Agrees Jailkhani: “These ads are a clutter breaker for companies. As the Indian advertising scene evolves and as a nation we become more receptive to new ideas, we will see more such ads and integration happening. Imagine a cellular company using a bunny to sell its product, five years ago. But today people love it. Companies therefore see merit in it, even though if you look at the cost, then a 3D animation is costlier than using a star or a model for the same ad.”

Kumaresh remembers Mangal Singh and Pandu Havaldar in the old Amaron battery add and how people can still instantly recall the “very long..ting tong,” jingle of the ad. “Which is the most remembered Alpenliebe ad? You will see the animated crocodile that played with Kajol in one series, gets the maximum hits,” he says.

Others such as Nestle Ice Tea, Miranda, Kellogg’s and Ponds now also use animated characters for ad campaigns. “Animation provides an out-of-the-box feel to the brand increasing the brand’s recall value. Animated characters break the monotony created by the innumerable human faces and their equally high number of associations with a variety of brands. Besides, animated characters come out as neutral, unbiased entities,” says entrepreneur and budding sommelier Neha Rajpal, who says she prefers watching the really cool ads on TV instead of the mundane soap operas. “I get the popcorn when the soaps run so that I can sit through all the commercial breaks,” she laughs.

Cartoons more convincing than stars
Ultimately however, the reason animated characters now fill our drawing room during prime time, is because consumers or to put it simple, people like us, have taken to them in a big way.
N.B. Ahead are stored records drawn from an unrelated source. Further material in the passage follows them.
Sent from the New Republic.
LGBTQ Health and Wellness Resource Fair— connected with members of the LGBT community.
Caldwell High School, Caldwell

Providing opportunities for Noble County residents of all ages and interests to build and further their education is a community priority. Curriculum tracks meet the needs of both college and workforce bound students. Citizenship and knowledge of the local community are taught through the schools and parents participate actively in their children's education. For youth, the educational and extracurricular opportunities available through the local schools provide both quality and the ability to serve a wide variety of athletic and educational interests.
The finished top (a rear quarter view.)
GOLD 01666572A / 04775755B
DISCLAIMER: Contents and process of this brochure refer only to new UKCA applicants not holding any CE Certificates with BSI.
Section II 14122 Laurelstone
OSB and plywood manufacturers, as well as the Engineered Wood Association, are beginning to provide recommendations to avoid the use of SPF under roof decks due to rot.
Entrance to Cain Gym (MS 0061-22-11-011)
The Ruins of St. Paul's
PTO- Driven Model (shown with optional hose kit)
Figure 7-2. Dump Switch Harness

We get the message, the recall stays longer and it seems we would even believe a cartoon character but not a celebrity who promotes five different brands on five different channels — talking about how amazing each of the products are!
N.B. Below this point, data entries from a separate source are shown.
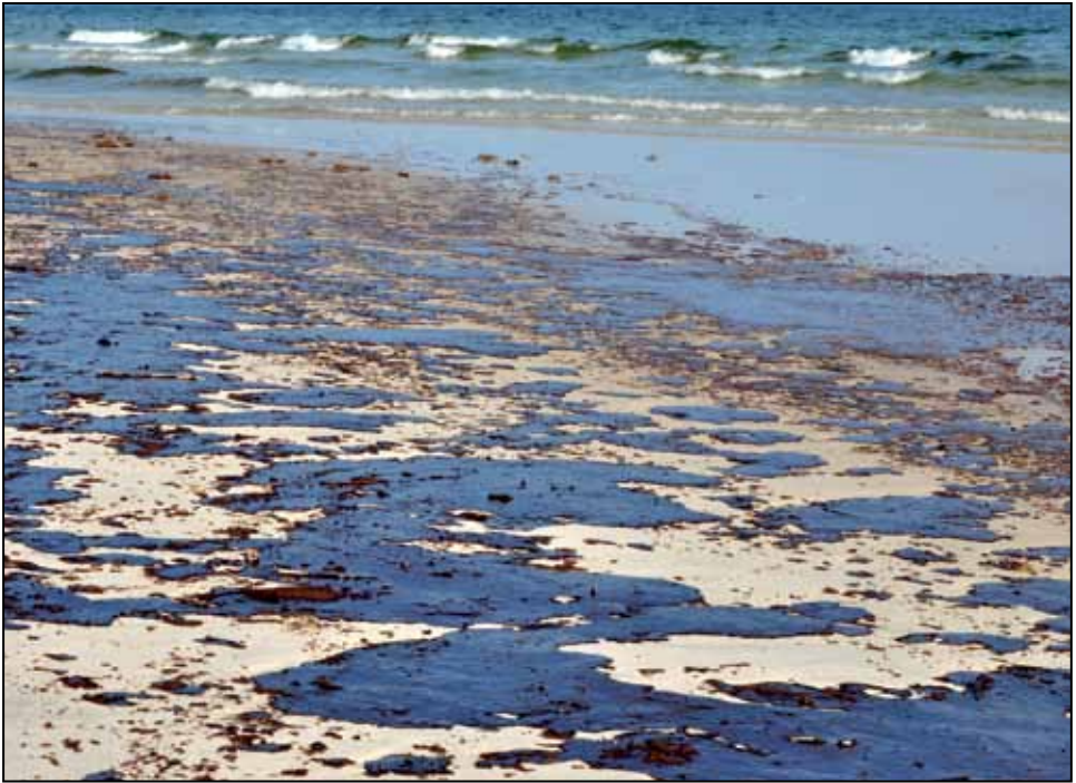
More than 200 million gallons of oil are spilled into the oceans each year. Oil-coated shores are an obvious result, but most of the oil is dispersed into the marine ecosystem, where it can have decades-long impacts.

they play critical roles in essential ecological processes. Despite their importance, the vast majority of marine invertebrates are poorly known. According to Spineless: Status and Trends of the World's Invertebrates , a report produced by the International Union for Conservation of Nature (IUCN) and the Zoological Society of London, there are between 200,000 and 230,000 described marine species, with more than two million estimated to exist in total. Invertebrates make up more than 95 percent of all marine animal species. Living in a wide range of habitats, from tropical waters to the polar seas and from the surface to the deep ocean, marine invertebrates display a vast diversity of forms, sizes,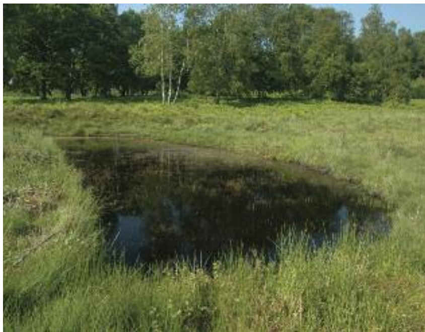
▲ A wooded gravel pit pond near Sutton (Oxon) and a pond on Hothfield Common (Kent).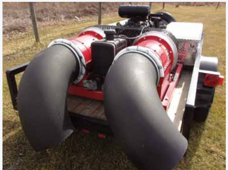
This road ditch cleaner can blow a ditch clean of leaves and debris without removing the beneficial vegetation that holds soil in place. Armstrong Conservation District, 2016 Runner-up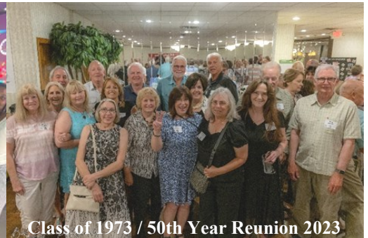
Class of 1973 / 50th Year Reunion 2023

“Animated characters have a universal appeal. They are more memorable because the audience connects with them in way that does not happen with human models. This is even more relevant in India because we are so culturally diverse that a model selling a product in an ad for one region may not be popular in other parts of the country.
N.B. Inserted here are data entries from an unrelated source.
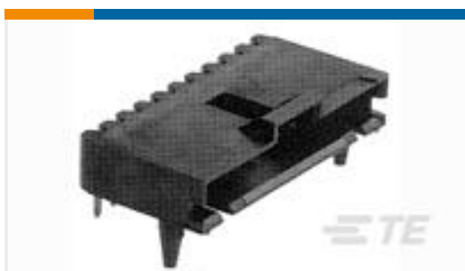
TE Part #5-104361-8 09 MTE HDR SRRRA LATCH W/HLDWN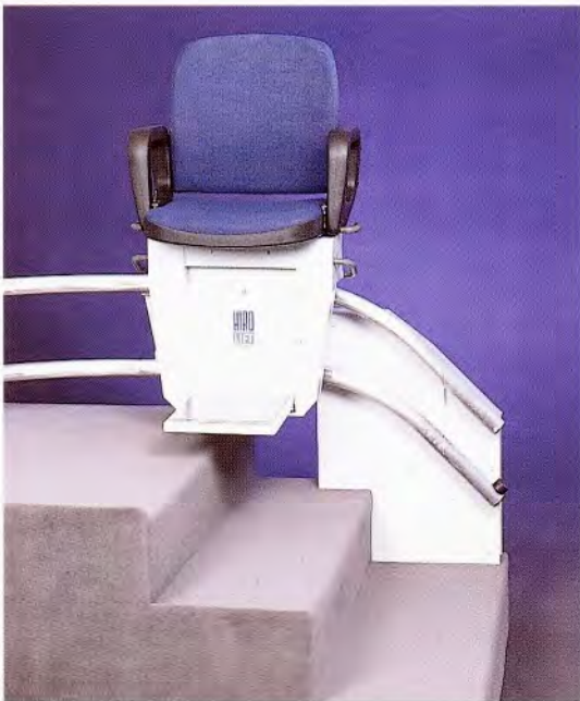
The folding track (Extras) is used for situations where a door is present and may not be blocked. In the neutral position, the track ends flush with the first step. For the downward ride, the track is lowered, complete with passenger for easy access. For the upwards trip, the track is folded back automatically into its normal position, thus leaving the corridor clear.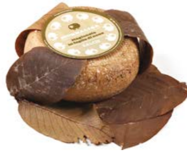
Monna Lisa aged with walnut leaves ML082 Kg. 1,2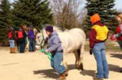
Mock Novice Ride! April 9<sup>th</sup> – 27 new riders!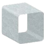
SHS / RHS

20 x 20 x 2 - 100 x 100 x 5 / 30 x 20 x 2 - 140 x 80 x 4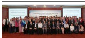
The 3 rd International Forum on Sustainable Future in Asia (3 rd NIES Forum)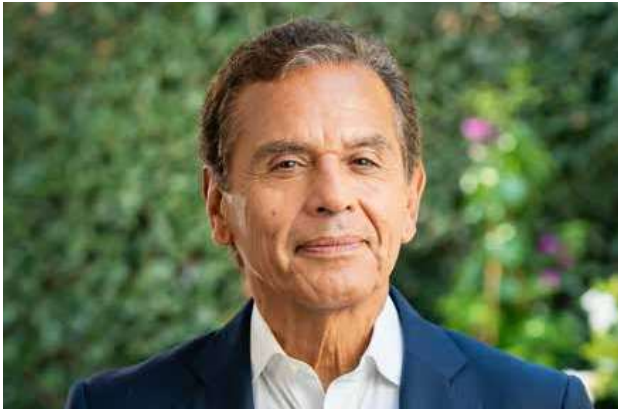
GOVERNOR: ANTONIO VILLARAIGOSA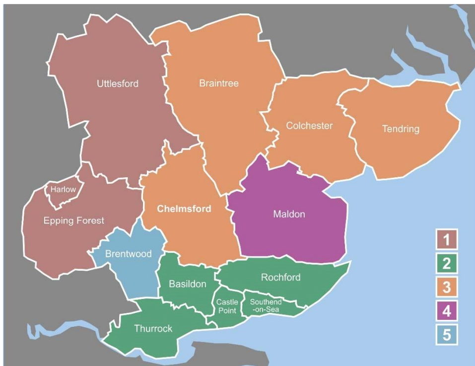
Housing Market Areas in Essex

1.2 The EPOA Policy Forum discussed the matter at its meeting on 6 June and a Task Finish Group with membership from each of the Essex HMAs was established.

Even our celebrities have limited regional appeal. So a brand shoots the same ad with different models based on the target audience. You don’t have to do that with animated characters. Talking mosquitoes that fear Mortein, Bisleri-loving sea monsters, party-hosting Kangaroo moms serving Nestea, Chintamani selling insurance, or the adorable talking parrot in the Vodafone ads, the audience loves them all. You can really stretch your imagination beyond every limit when you have an animated character, making it do anything you want,” says Akshata Udiaver, Editor of AllAboutAnimation.com, who has researched the rise and rise of animation in ads.

And the research shows, when she brings in an angle others haven’t mentioned yet. “Nowadays no matter what the product or service is, every ad is targetted at children, even when they are not the ones actually using the product. It is almost as if they are the decision makers. From electronics to food products, detergents to financial services, you find most ads exhorting the youngest members of the family to get the product. What better way to engage a fickle audience than with endearing animated characters?” she smiles.

Suresh, however, stresses that animated characters are not just for children. “A lot of them actually transcend barriers of age and culture,” he says, adding that everyone loves animation since there is a child in all of us.

Whatever be the reasons and the pull factors, the fact remains that animation characters are here to stay and as Kumaresh says, with growing demand, the future of animation in the field of advertising is bright. A passing fad? No way!